Publications
Preprints & Workshop Papers
ContextLeak: Auditing Leakage in Private In-Context Learning Methods
Jacob Choi*, Shuying Cao*, Xingjian Dong*, Amin Banayeeanzade, Wang Bill Zhu, Robin Jia, and Sai Praneeth Karimireddy
*Equal contribution
arXiv preprint arXiv:2512.16059; ACL 2025 L2M2 Workshop
arXiv
ContextLeak is an empirical auditing framework for measuring information leakage in private in-context learning methods. The project studies whether sensitive information contained in in-context examples can still be exposed through model outputs, even when privacy-preserving mechanisms or heuristic defenses are applied.

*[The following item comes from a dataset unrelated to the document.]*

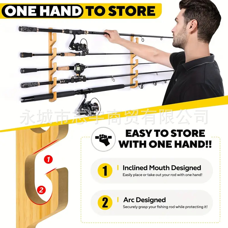 竹制鱼竿架鱼竿收纳架家用木制鱼竿存储架壁挂式鱼竿展示架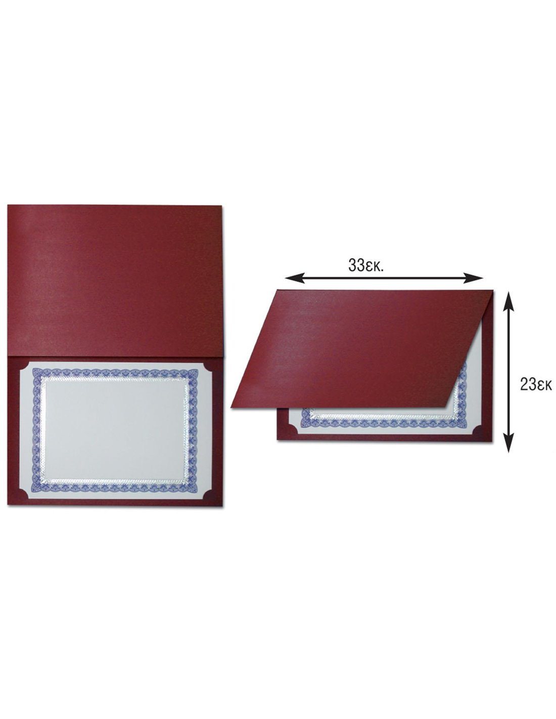Πολυτελή θήκη επαίνων-πτυχίων. Διπλή για τοποθέτηση πτυχίων-επαίνων Α4. Από ειδικό πολυτελές χαρτόνι Αμερικής. Διαστάσεις: 33x23εκ. Χρώμα: μπορντώ.

Our approach uses canary insertion and targeted adversarial queries to probe worst-case leakage behavior. By designing different types of canaries and query strategies, ContextLeak provides a systematic way to evaluate how much private information may be recoverable from model responses under different privacy mechanisms, model families, and task settings.
We evaluate ContextLeak across both classification and open-ended generation tasks, including private ICL mechanisms with theoretical guarantees and heuristic defenses. The results highlight the gap between theoretical privacy protection and empirical leakage behavior, and show the importance of auditing deployed LLM systems beyond relying only on formal guarantees.